John M. Kopriva, MD, and colleagues used the IBM Watson Health Marketscan databases to perform a retrospective cohort study of data from 29,454 patients who underwent primary TSA from 2009 to 2018. Researchers categorized patients into four groups: opioid naïve (50.8%, n = 14,953), tramadol (7.5%, n = 2,214), traditional opioids (35.5%, n = 10,462) and combination of opioids and tramadol (6.2%, n = 1,825). Outcomes included prescribed narcotics, complications, resource utilization, prosthetic joint infection and revision surgery.
Researchers found the proportion of patients prescribed traditional preoperative opioids decreased significantly during the study period, while the proportion of patients who were opioid naïve or received preoperative tramadol increased.

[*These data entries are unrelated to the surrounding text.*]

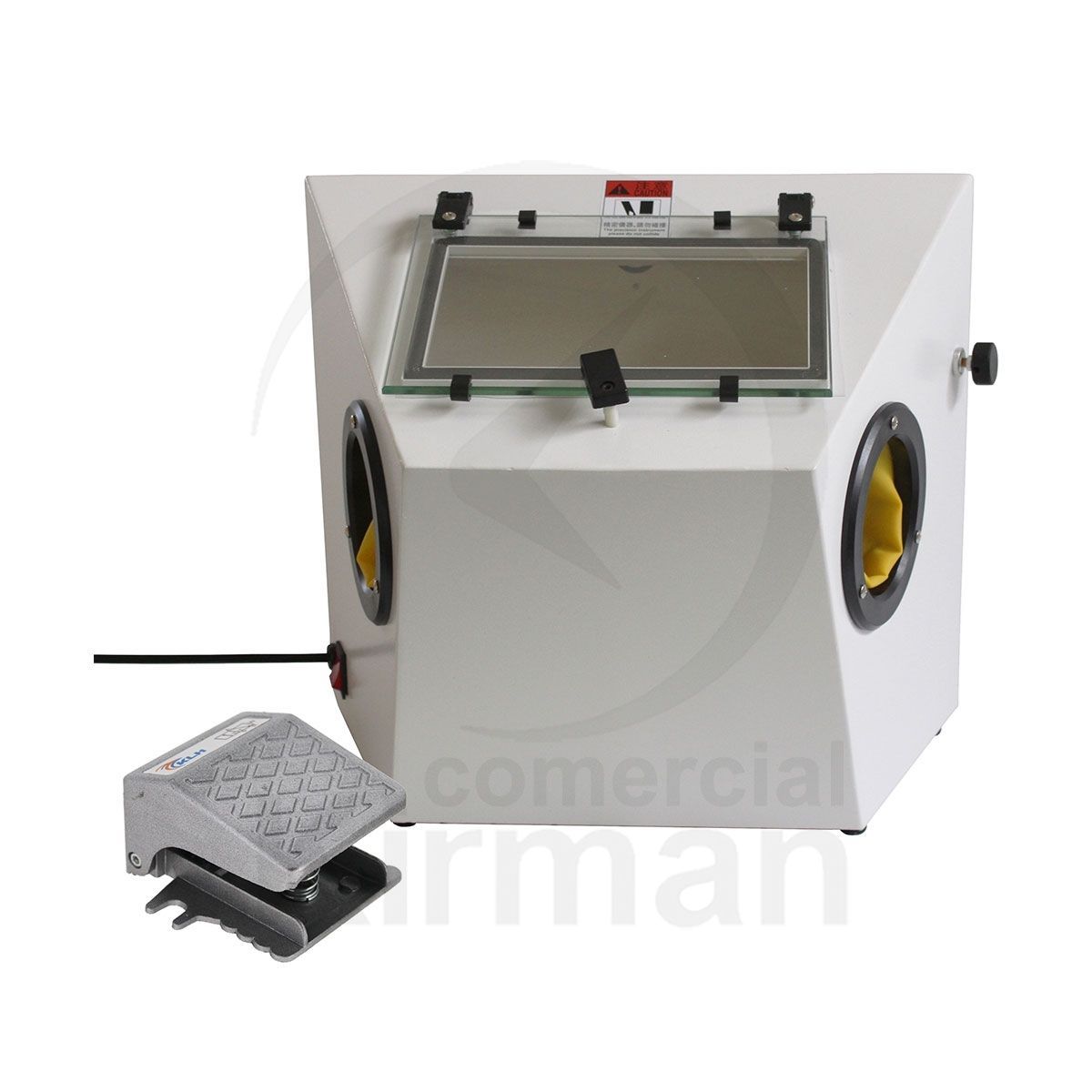 Arenadora metálica modelo 16131 con pedal, ideal para trabajos de acabado en metales y madera. Diseño compacto y robusto en color blanco con detalles negros y amarillos. Incluye pedal metálico antideslizante para mayor comodidad y control. Perfecta para talleres y profesionales que buscan precisión y eficiencia en el lijado.
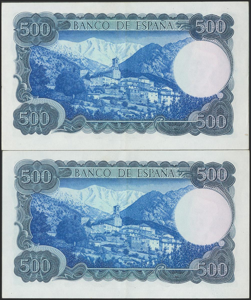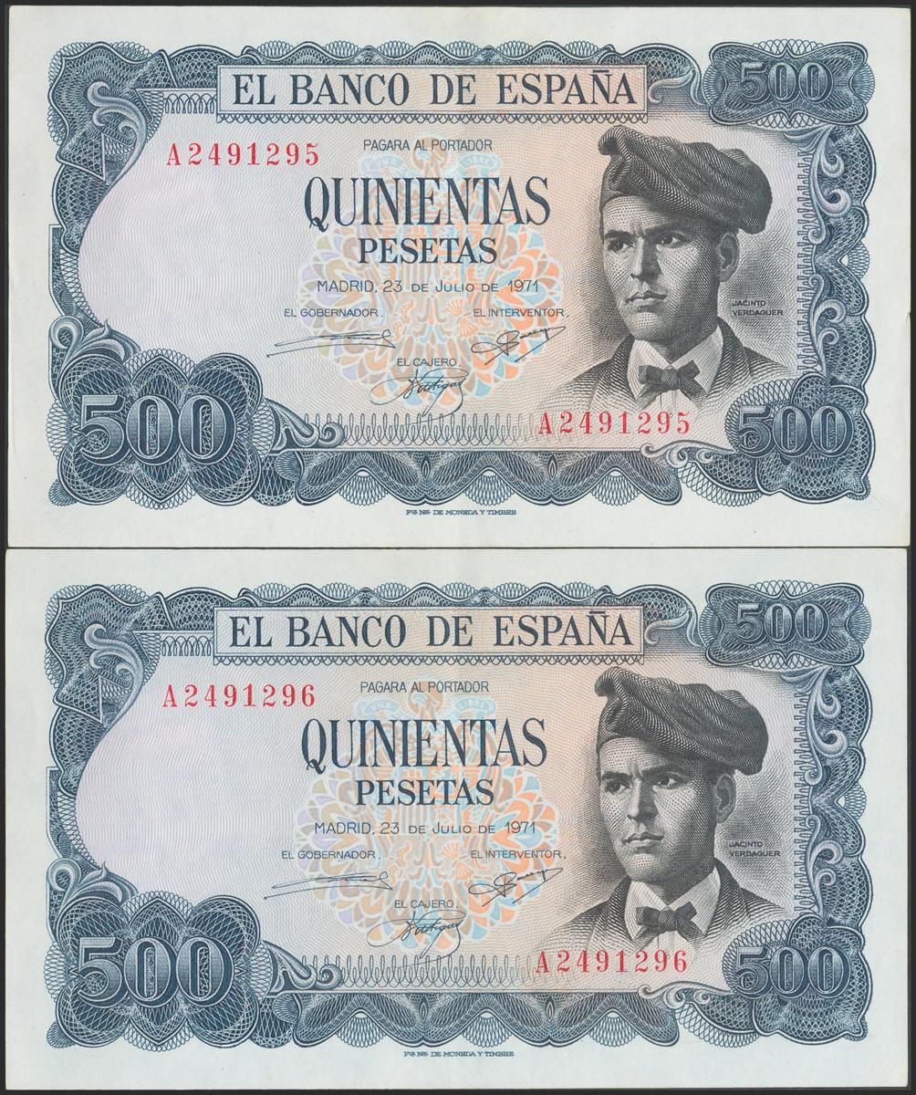 500 pesetas. July 23, 1971. Correlative couple. Series A. (Edifil 2021: 473a). Original sizing. Good Extremely Fine.
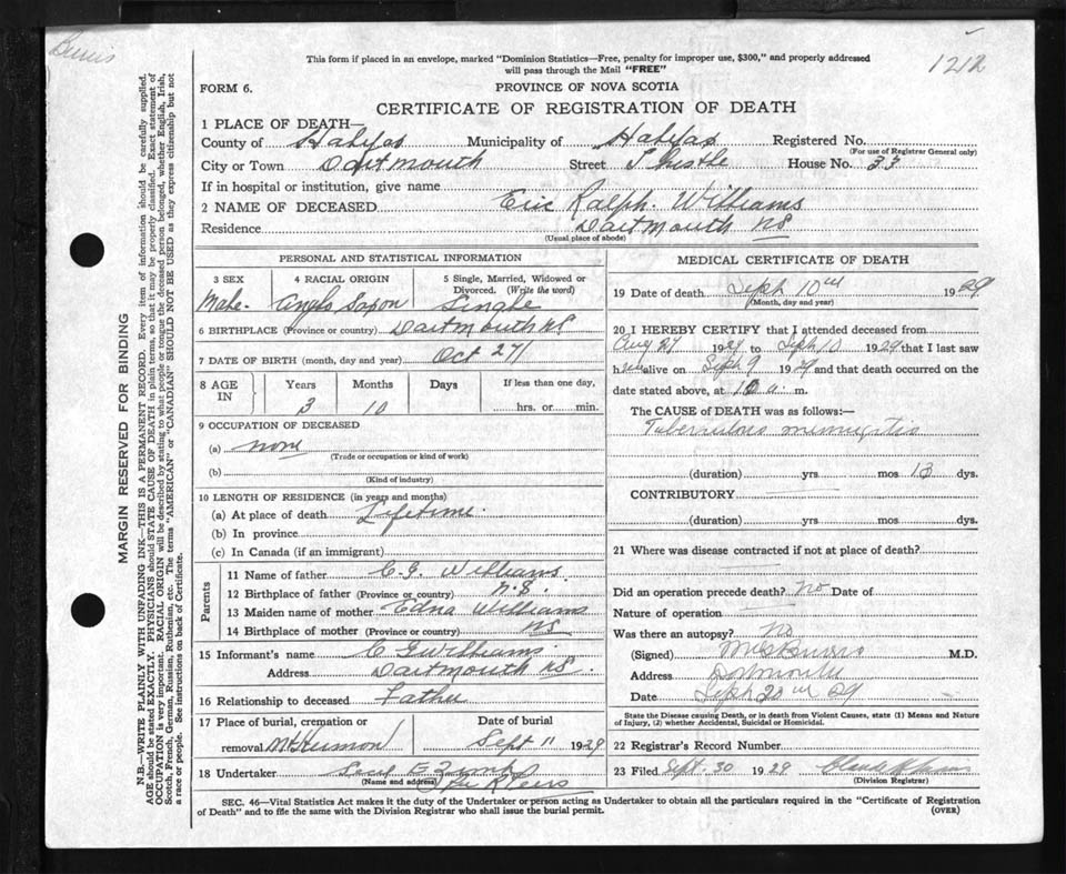 Male Death Registration: Year: 1929 file: 85 number: 1212
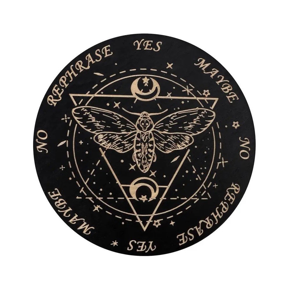 Tabella esoterica in legno con motivo mistico di falena e luna è un'ideale strumento per letture pendolari, meditazione e rituali spirituali. Descrizione completa
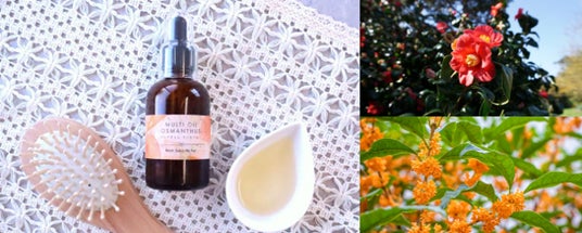100%利島産の希少なツバキオイルをはじめとした3種のキャリアオイルをベースに、昨年まで秋限定精油としてご好評を頂いていたブレンド精油キンモクセイ(キンモクセイ、ホーリーフ、グレープフルーツの精油を配合)の特別ブレンドを加え、秋のリラックスタイムをより潤いあふれる時間に導く、プロユースのナチュラルオイルが誕生しました。
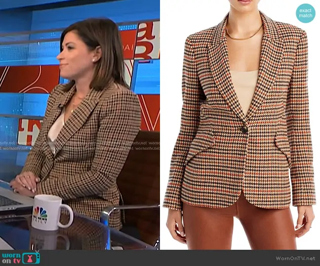 on NBC News Daily on NBC was spotted wearing this beige houndstooth blazer on NBC News Daily on Oct 14 2024's episode. 's Jacket is the Chamberlain Blazer in Brown Multi by L'Agence.
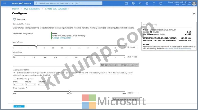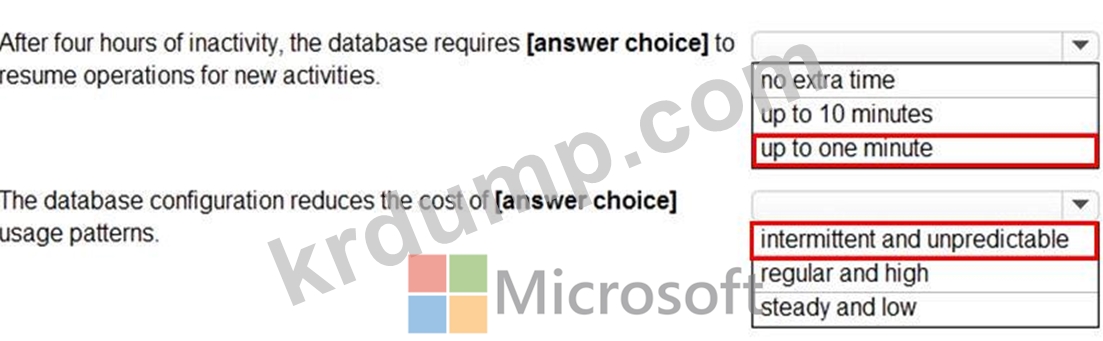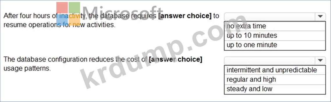 Azure로 마이그레이션한 후 ManufacturingSQLDb1에 대한 구성을 권장해야 합니다. 솔루션은 비즈니스 요구 사항을 충족해야 합니다.
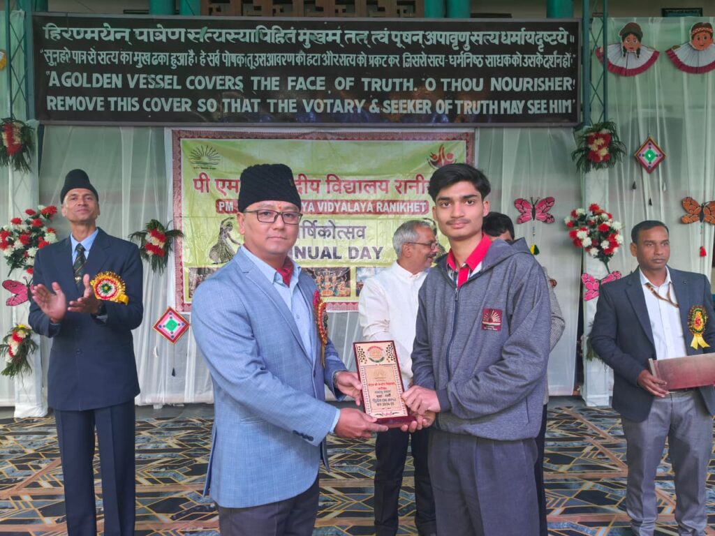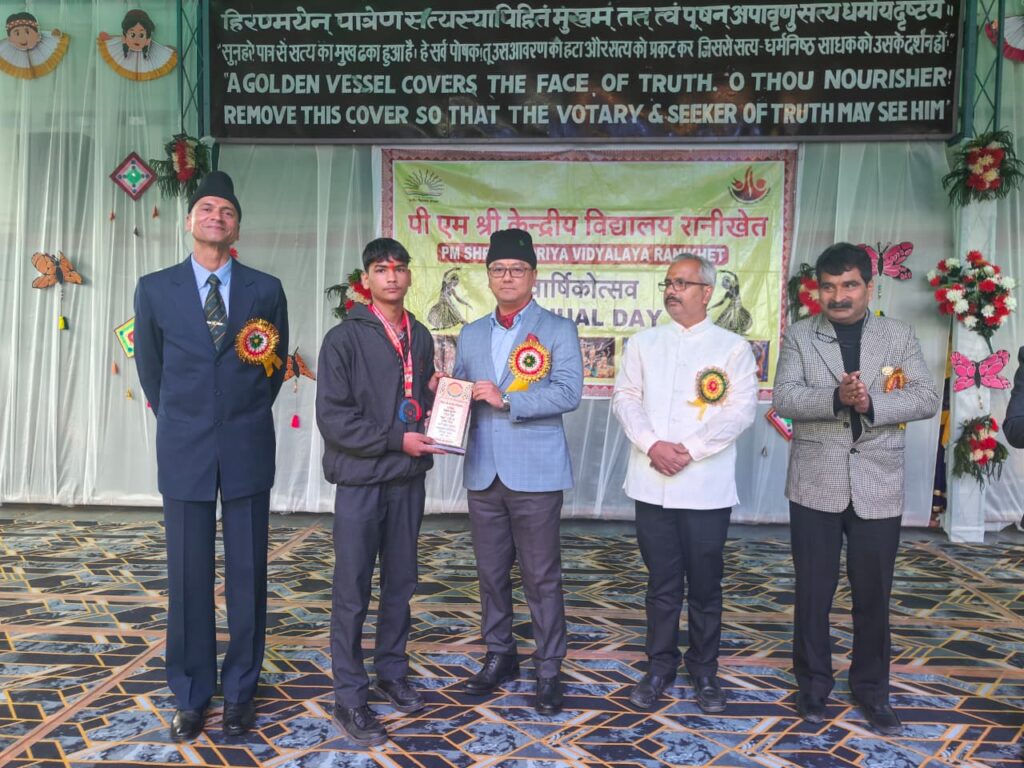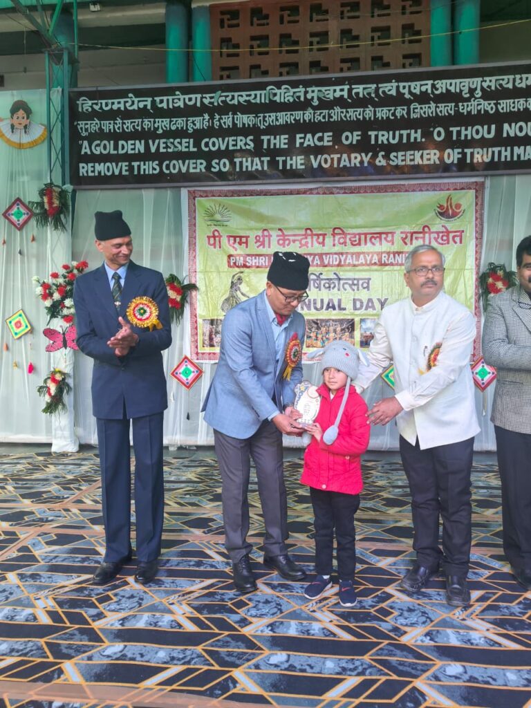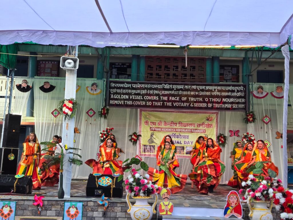 पी.एम. श्री केंद्रीय विद्यालय, रानीखेत का वार्षिकोत्सव 2025–26 उत्साह और हर्षोल्लास के साथ मनाया गया। कार्यक्रम के मुख्य अतिथि कर्नल प्रभु रामदास वामन, डिप्टी कमांडेंट, कुमाऊँ रेजिमेंट सेंटर तथा विशिष्ट अतिथि लेफ्टीनेंट कर्नल बी. बी. थापा का विद्यालय बैंड ने मुख्य द्वार से मंच तक भव्य स्वागत किया। मुख्य अतिथि ने माँ ज्ञानेश्वरी के सम्मुख दीप प्रज्वलित कर कार्यक्रम का शुभारंभ किया।
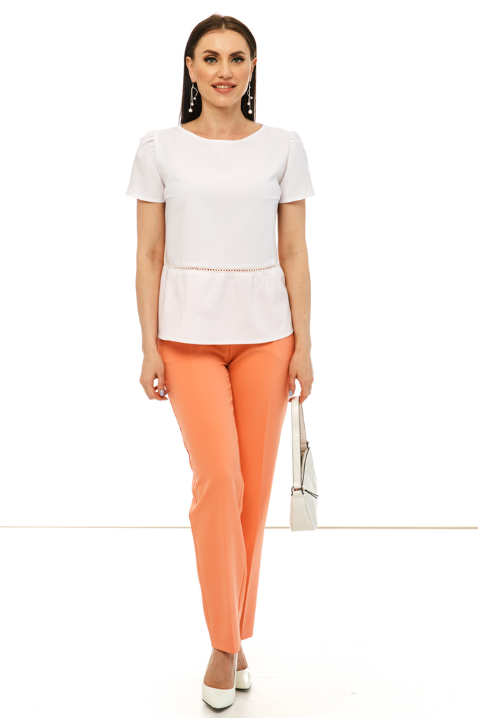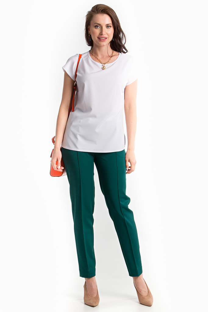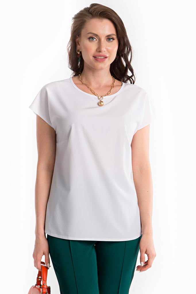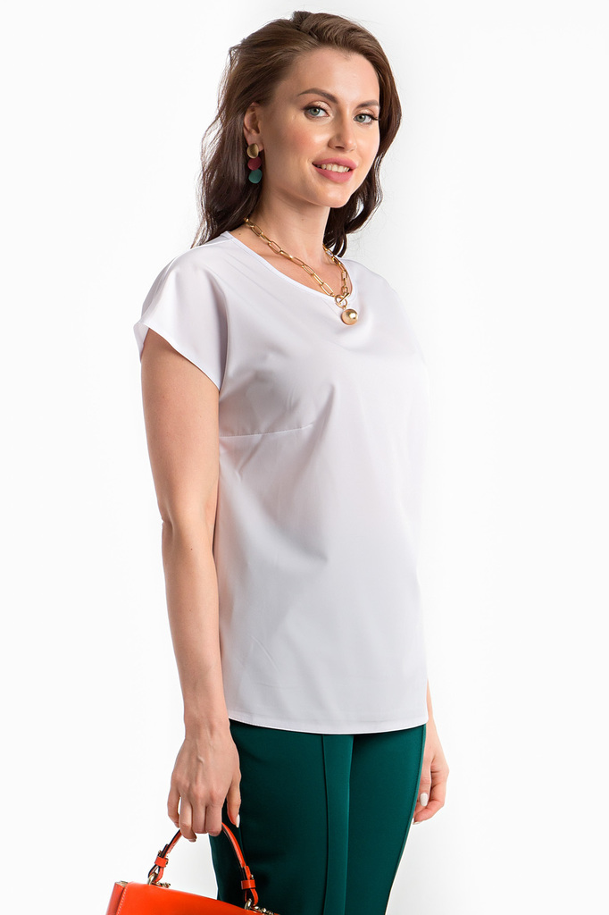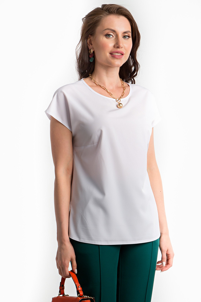 Белая блуза абсолютно базовая вещь для женского гардероба! На фото представлена с брючками из комплекта "Модный приговор" в зеленом оттенке. - Белая блуза из легкой ткани, по бокам небольшие разрезы; ... Показать описание- Рукав цельнокроенный, короткий; - Вырез горловины круглый, нагрудные вытачки; - Ткань: блузочная; - Состав: п/э 100; - Цвет: белый; - Размерная линейка 44-54; - Длина изделия по спинке: 44/ 58 см, 46/ 59 см, 48/ 60 см, 50/ 61 см, 52/ 62 см, 54/ 63 см; - Параметры модели: размер 44, рост 170 см, грудь 93 см, талия 64 см, бедра 94 см. - Рекомендована ручная стирка при 30 С;
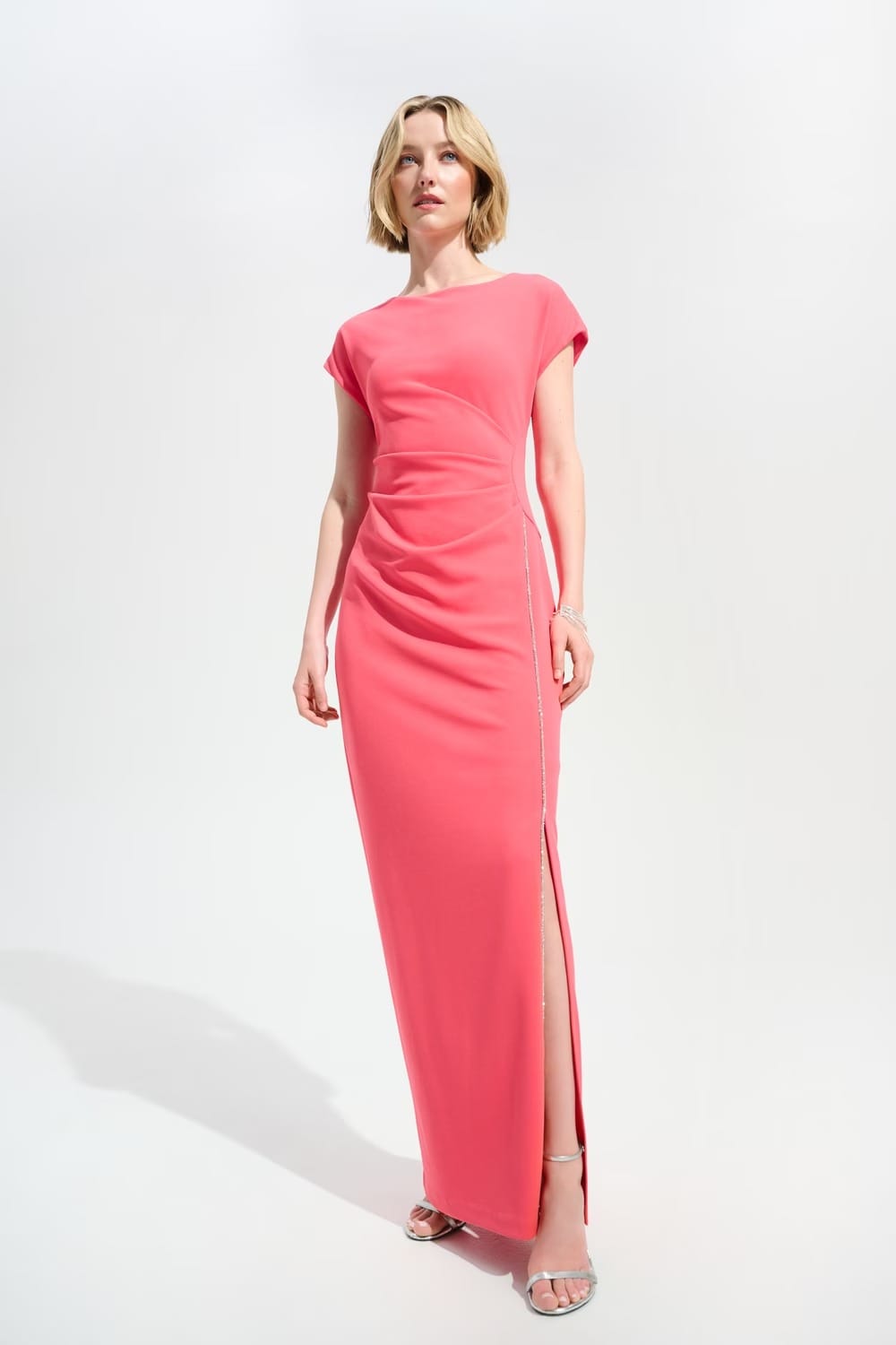 La robe maxi bodycon de Joseph Ribkoff incarne l’élégance féminine avec son encolure ronde et ses manches courtes droites. Parfaite pour les soirées formelles, elle se distingue par ses détails ruche, sa fente séduisante et ses bijoux raffinés. Son design simple et sophistiqué met en valeur votre silhouette, offrant une allure gracieuse et distinguée.
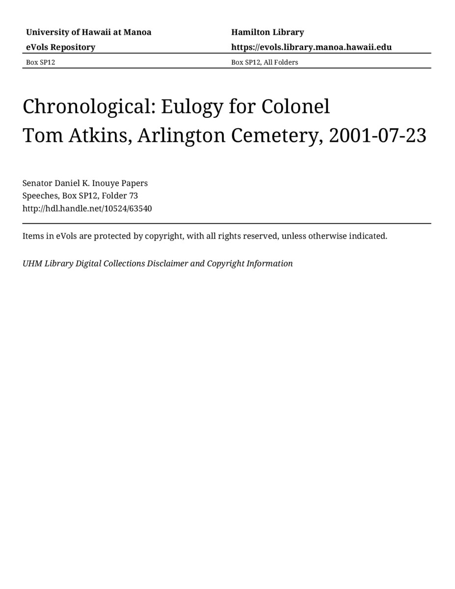 Eulogy for Colonel Tom Atkins, Arlington Cemetery, July 23, 2001, MANUSCRIPT-HCPC00011, Speeches, Chronological, Box SP12, Folder 73, Senator Daniel K. Inouye Papers, Hawaiʻi Congressional Papers Collection, University of Hawaiʻi at Mānoa Library, Honolulu, HI. https://congressarchives.org/catalog/10524_63540 (accessed March 21, 2026).

Compared with the opioid-naïve cohort, patients in the traditional opioid cohort had increased odds of overall complications, revision at 1 year and 3 years and resource utilization, while patients in the tramadol cohort had no increased risk profile. Rates of prosthetic joint infection were 0.62% in the opioid-naïve cohort, 0.32% in the tramadol cohort, 1.22% in the traditional opioid cohort and 1.21% in the combination cohort.
However, researchers noted the tramadol cohort had an increased risk for negative postoperative outcomes compared with the opioid-naïve cohort.
“As the health care system and orthopedic surgeons focus on limiting narcotic use, tramadol may offer an alternative to traditional opioids for temporizing analgesia as patients are optimized and indicated for TSA,” the researchers wrote in the study.